The task: Give back, exactly as written, the lines from the first line of the data below through the line with "Begründet von : Otto", and omit the pictures.

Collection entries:
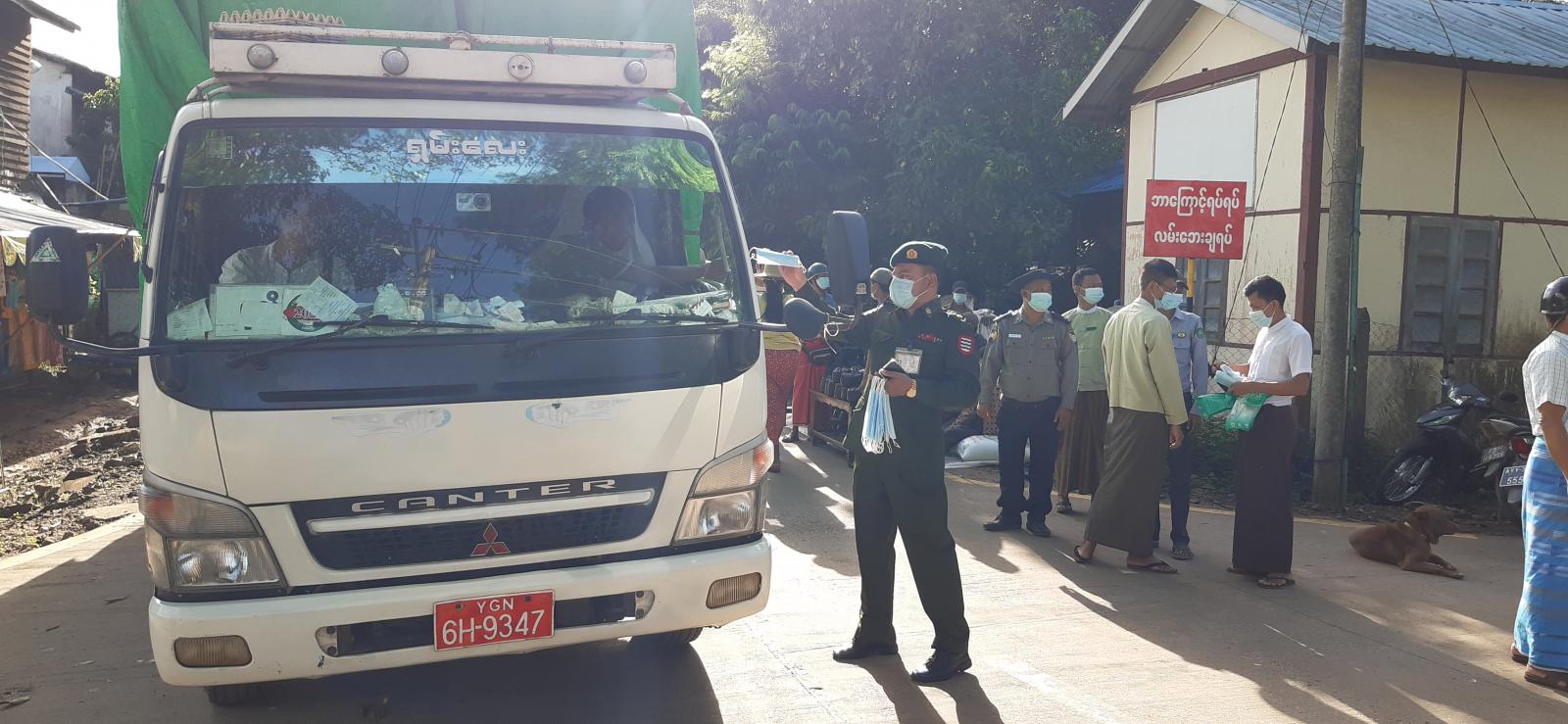 Mask များ အခမဲ့ဖြန့်ဝေခြင်းအား မြို့နယ်စီမံအုပ်ချုပ်ရေးအဖွဲ့ ဥက္ကဋ္ဌဦးမင်းဧရာထိုက်နှင့် အဖွဲ့ဝင်များ၊ ကိုဗစ်-၁၉ ရောဂါ ထိန်းချုပ်ရေးနှင့်အရေးပေါ် တုန့်ပြန်ရေးကော်မတီ အဖွဲ့၀င်တို့က ပြည်သူများအားနေအိမ်ပြင်ပသို့ ထွက်ခွာသွားလာပါက မဖြစ်မနေ စနစ်တကျ Mask တပ်ဆင်သွားရန်နှင့်ကျန်းမာရေးနှင့်အားကစားဝန်ကြီးဌာနမှ ထုတ်ပြန် ထားသော စည်းကမ်းချက်များနှင့်အညီ လိုက်နာဆောင်ရွက်သွားလာကြရန် အသိပညာပေး နှိုးဆော်တိုက်တွန်း ပြောကြားပြီး Mask တပ်ဆင်လာခြင်းမရှိသော ပြည်သူများအား Mask များ အခမဲ့ဖြန့်ဝေတပ်ဆင်ပေးခဲ့ကြကြောင်း သိရသည်။
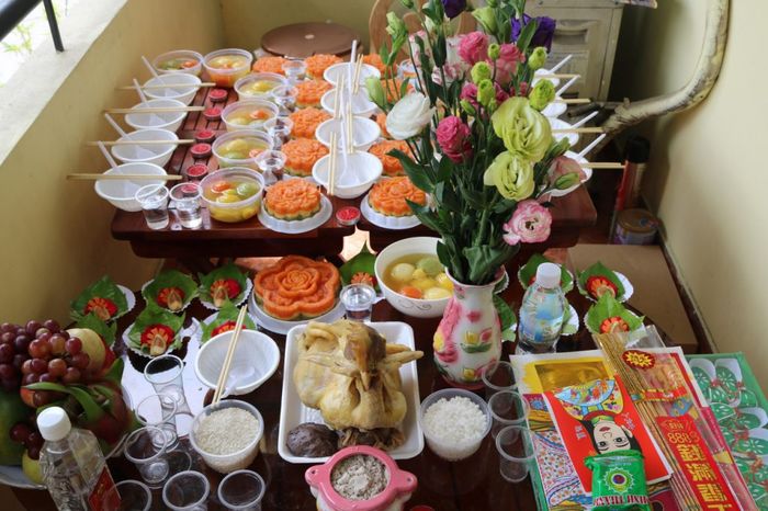 The offerings for the Twelve Midwives must be present on the day of the baby boy's full month celebration (Source: Internet)Offerings for the Altar of the Twelve Midwives: Cúng Đức Ông
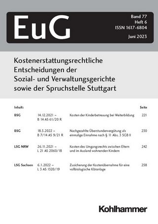 Begründet von : Otto Mergler, Stadtdirektor der Stadt Essen a. D.; Dr. Günther Zink, Abteilungsdirektor a. D.; Neubearbeitet und fortgeführt von Helmut Reisch, städt. Verw. Dir. a. D., Mitglied der Spruchstelle Stuttgart. Die Sammlung " Kostenerstattungsrechtliche Entscheidungen der Schieds- und Verwaltungsgerichte" ( EuG ), die bisher Entscheidungen der für das gesamte Bundesgebiet zugänglichen Spruchstelle Stuttgart und der Verwaltungsgerichte umfasste, ist seit 1.1.2005 auch auf die Rechtsprechung der Sozialgerichte ausgedehnt worden. Dies insbesondere deshalb, weil nach dem In-Kraft-Treten der Neuregelungen in den Sozialgesetzbüchern II ( Grundsicherung für Arbeitsuchende ) und XII ( Sozialhilfe ) nunmehr für Streitigkeiten aus diesen Rechtsgebieten die Sozialgerichte zuständig sind. Die Entscheidungssammlung EuG ist unverzichtbarer Bestandteil der Fachliteratur für alle Sozialleistungsbereiche geworden, die sich mit Fragen der Zuständigkeit, der Kostenerstattung und dem damit zusammenhängenden Leistungsrecht der Sozialhilfe und der Kinder- und Jugendhilfe sowie den angrenzenden Rechtsgebieten auseinanderzusetzen haben. Das aus der EuG vermittelte Wissen über die Rechtsprechung zu kostenrelevanten Tatbeständen im Sozial-und Jugendhilferecht trägt nicht zuletzt auch dazu bei, finanzielle Ressourcen unter Beachtung des formellen und materiellen Rechts effektiver und effizienter einsetzen zu können und Kompetenzen sicherer zu beachten. Daneben bilden die in der EuG veröffentlichten Schiedssprüche der Spruchstelle Stuttgart sowie die Urteile und Beschlüsse der Sozial- und Verwaltungsgerichte eine wertvolle Entscheidungshilf
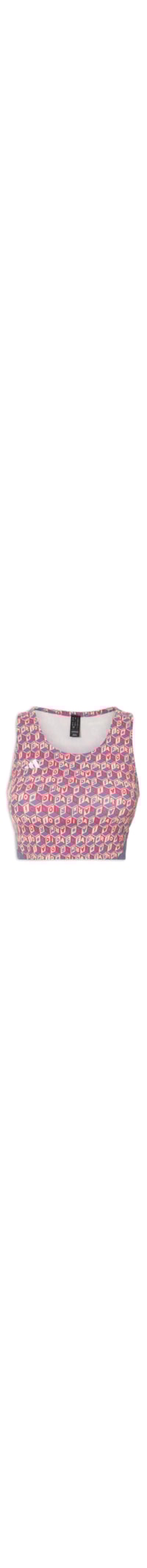 O top azul é confeccionado em malha com alta elasticidade. A peça justa ao corpo possui decote U, alças médias, logo da marca aplicado em material refletivo na altura do busto, recortes laterais estendidos para a parte posterior em mesh de cor contrastante, estampa geométrica com monograma da marca em cores contrastantes, sem bojo e comprimento cropped**.
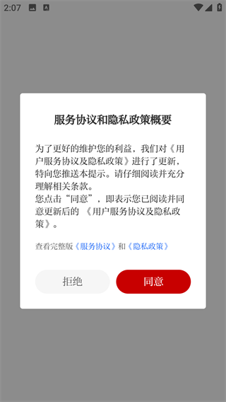 1、在钱塘发布APP启动时,点击“同意”按钮,接受服务协议和隐私政策概要,进入APP使用流程。
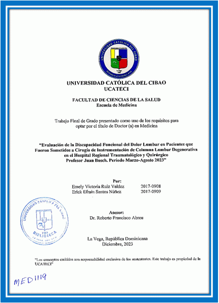 Evaluación de la discapacidad funcional del dolor lumbar en pacientes que fueron sometidos a cirugía de instrumentación de columna lumbar degenerativa en el Hospital Regional Traumatológico y Quirúrgico Profesor Juan Bosch. Periodo Marzo-Agosto 2023 / Emely Victoria Ruiz Valdez, Erick Efraín Santos Núñez; asesor Roberto Francisco Abreu
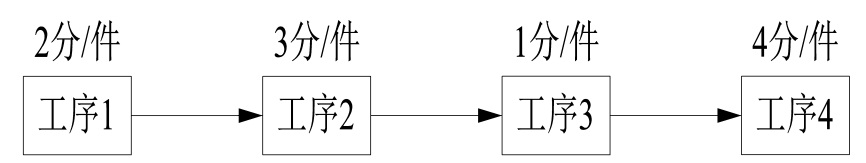 下边我们来推导工序总用时的公式。一个生产流程有4道生产工序,每道工序的速度分别是2分钟/件、3分钟/件、1分钟/件和4分钟/件,工序4是瓶颈(如图6-139所示)。
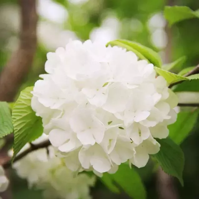 每年的四五月份,瓊花便會(huì)轟轟烈烈地盛開(kāi)。揚(yáng)州人喜歡用“花大如盤(pán),潔白如玉”來(lái)形容其團(tuán)團(tuán)的花簇;我卻覺(jué)得“盤(pán)子”和“玉”的比喻太常見(jiàn)了,很難配得上瓊花的清淡素雅。
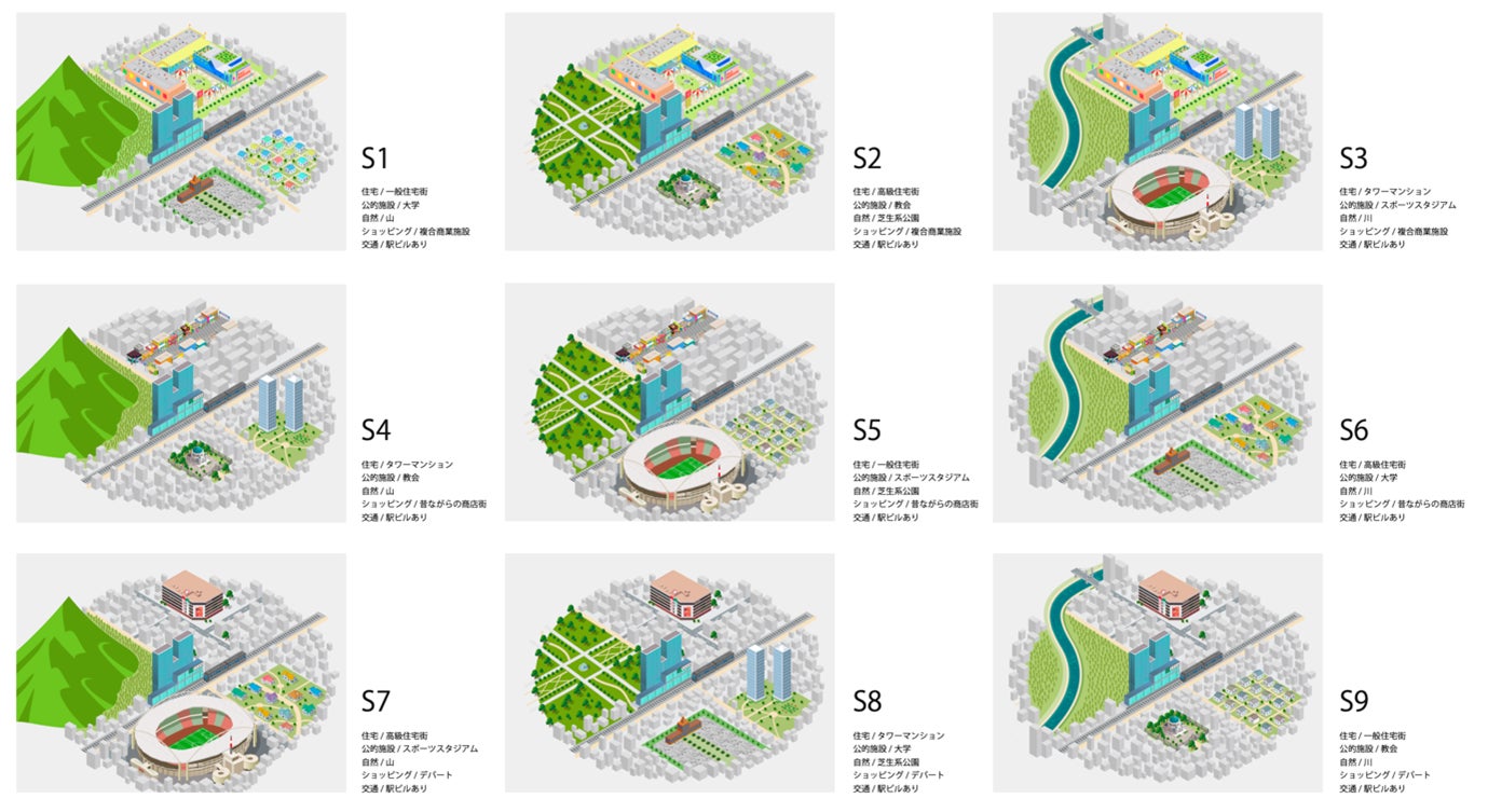 そこで、住宅、公的施設、商業施設、緑、自然の属性を変えた9つの都市サンプルを生成し、居住意向への影響を検証した。その結果、日本では、緑は居住意向を高める一方で、自然は居住意向を低めることを示した。
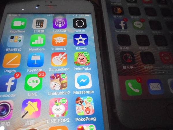 Apple蘋果iPhone 6s Plus~64GB智慧型手機被家人拿榔頭敲壞螢幕→導致手機無法觸控~已更換新螢幕總成→以iTunes備份全數檔案資料~iPhone 6s Plus與iPhone 8 Plus兩隻手機放在一起做比對→新北市板橋區-鄭先生【兩邊的App程式持續進行中】
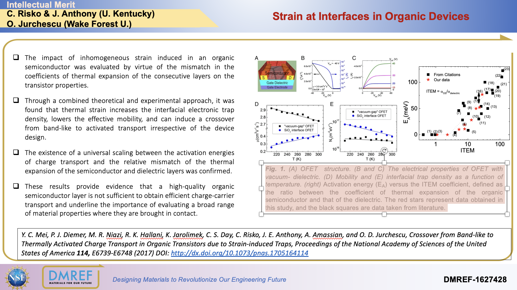 - The existence of a universal scaling between the activation energies of charge transport and the relative mismatch of the thermal expansion of the semiconductor and dielectric layers was confirmed.
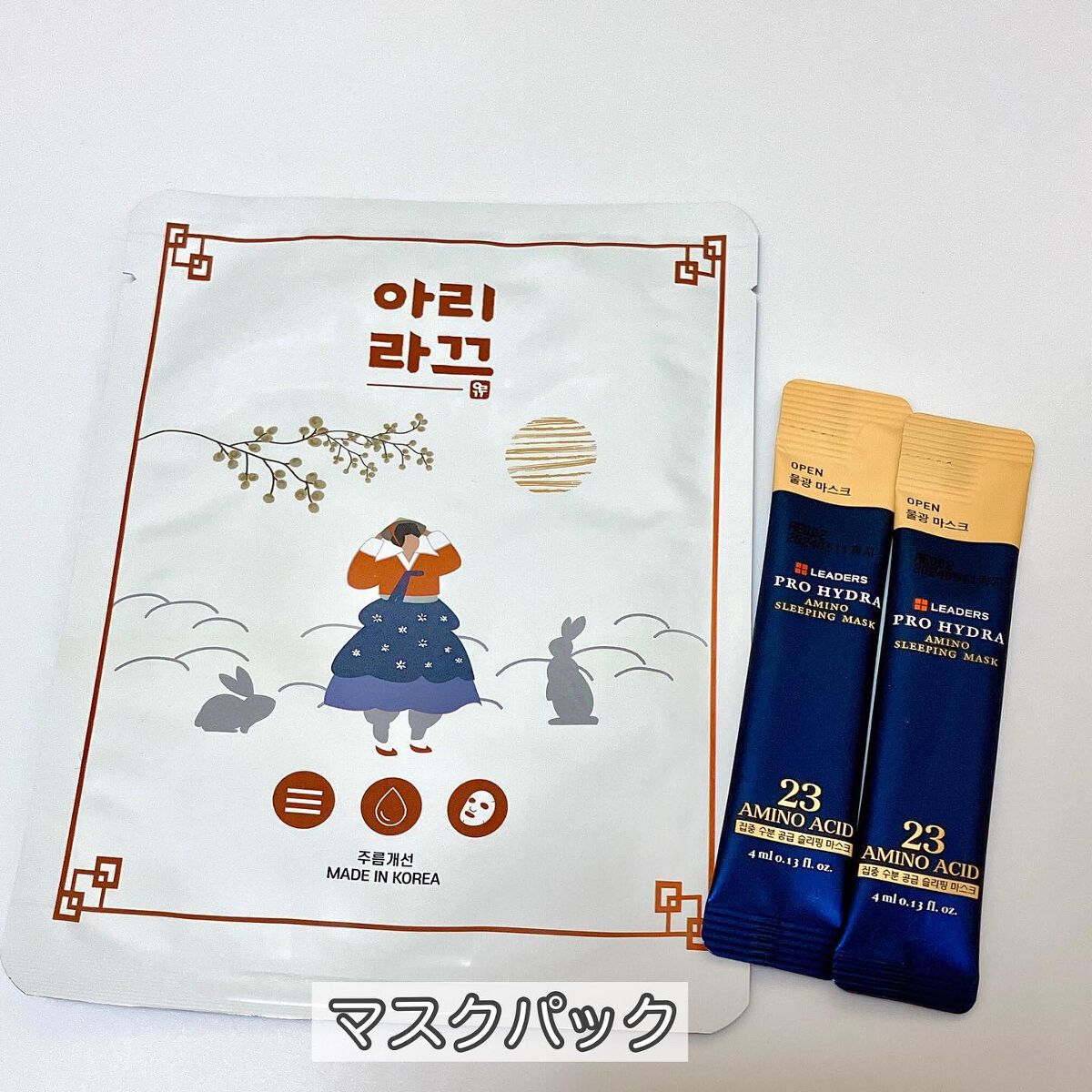 韓国コスメ現品3点以上、マスクパック1枚、スリーピングマスク2本など、合計5〜7の商品(7000〜11000円相当)が3500円で購入できます。 リップが入ってて嬉しかったです! 初めてのブランドに会えるのも福袋ならではですね。 泡タイプの洗顔料。 泡タイプ好きだからとても嬉しいです。 沈殿したピンクの粉を綿棒で取って、気になるところにつけます。 シート大きめ。 マットで落ちにくいリップです。 なめらかで伸ばしやすいエッセンス。 軽い感じのスリーピングマスク。
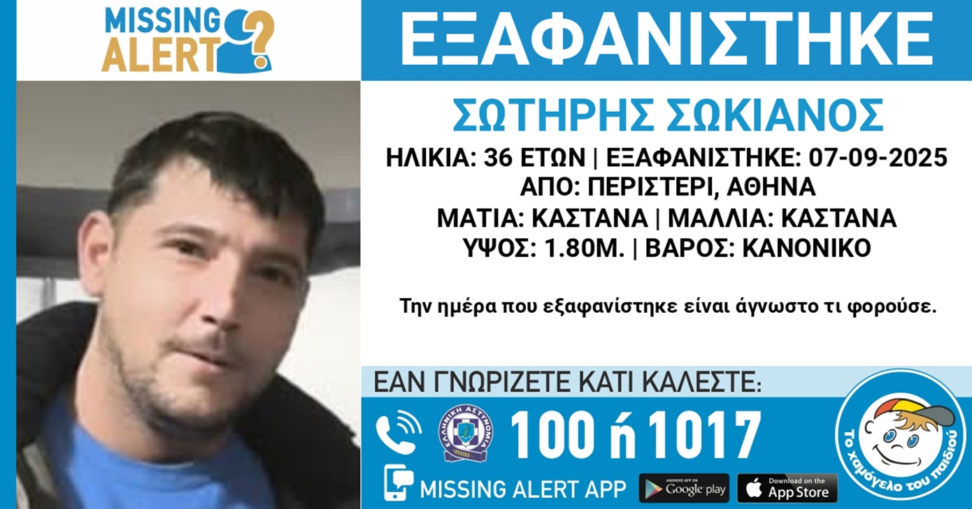 Το «Χαμόγελο του Παιδιού» ενημερώθηκε για την εξαφάνιση του Σωτήρη Σωκιανού, στις 14/09/2025 και προχώρησε στη δημοσιοποίηση των στοιχείων του ενήλικου κατόπιν αιτήματος των οικείων του καθώς ενδέχεται να συντρέχουν λόγοι, οι οποίοι θέτουν τη ζωή του σε κίνδυνο.

Answer area:
 Mask များ အခမဲ့ဖြန့်ဝေခြင်းအား မြို့နယ်စီမံအုပ်ချုပ်ရေးအဖွဲ့ ဥက္ကဋ္ဌဦးမင်းဧရာထိုက်နှင့် အဖွဲ့ဝင်များ၊ ကိုဗစ်-၁၉ ရောဂါ ထိန်းချုပ်ရေးနှင့်အရေးပေါ် တုန့်ပြန်ရေးကော်မတီ အဖွဲ့၀င်တို့က ပြည်သူများအားနေအိမ်ပြင်ပသို့ ထွက်ခွာသွားလာပါက မဖြစ်မနေ စနစ်တကျ Mask တပ်ဆင်သွားရန်နှင့်ကျန်းမာရေးနှင့်အားကစားဝန်ကြီးဌာနမှ ထုတ်ပြန် ထားသော စည်းကမ်းချက်များနှင့်အညီ လိုက်နာဆောင်ရွက်သွားလာကြရန် အသိပညာပေး နှိုးဆော်တိုက်တွန်း ပြောကြားပြီး Mask တပ်ဆင်လာခြင်းမရှိသော ပြည်သူများအား Mask များ အခမဲ့ဖြန့်ဝေတပ်ဆင်ပေးခဲ့ကြကြောင်း သိရသည်။
 The offerings for the Twelve Midwives must be present on the day of the baby boy's full month celebration (Source: Internet)Offerings for the Altar of the Twelve Midwives: Cúng Đức Ông
 Begründet von : Otto Mergler, Stadtdirektor der Stadt Essen a. D.; Dr. Günther Zink, Abteilungsdirektor a. D.; Neubearbeitet und fortgeführt von Helmut Reisch, städt. Verw. Dir. a. D., Mitglied der Spruchstelle Stuttgart. Die Sammlung " Kostenerstattungsrechtliche Entscheidungen der Schieds- und Verwaltungsgerichte" ( EuG ), die bisher Entscheidungen der für das gesamte Bundesgebiet zugänglichen Spruchstelle Stuttgart und der Verwaltungsgerichte umfasste, ist seit 1.1.2005 auch auf die Rechtsprechung der Sozialgerichte ausgedehnt worden. Dies insbesondere deshalb, weil nach dem In-Kraft-Treten der Neuregelungen in den Sozialgesetzbüchern II ( Grundsicherung für Arbeitsuchende ) und XII ( Sozialhilfe ) nunmehr für Streitigkeiten aus diesen Rechtsgebieten die Sozialgerichte zuständig sind. Die Entscheidungssammlung EuG ist unverzichtbarer Bestandteil der Fachliteratur für alle Sozialleistungsbereiche geworden, die sich mit Fragen der Zuständigkeit, der Kostenerstattung und dem damit zusammenhängenden Leistungsrecht der Sozialhilfe und der Kinder- und Jugendhilfe sowie den angrenzenden Rechtsgebieten auseinanderzusetzen haben. Das aus der EuG vermittelte Wissen über die Rechtsprechung zu kostenrelevanten Tatbeständen im Sozial-und Jugendhilferecht trägt nicht zuletzt auch dazu bei, finanzielle Ressourcen unter Beachtung des formellen und materiellen Rechts effektiver und effizienter einsetzen zu können und Kompetenzen sicherer zu beachten. Daneben bilden die in der EuG veröffentlichten Schiedssprüche der Spruchstelle Stuttgart sowie die Urteile und Beschlüsse der Sozial- und Verwaltungsgerichte eine wertvolle Entscheidungshilf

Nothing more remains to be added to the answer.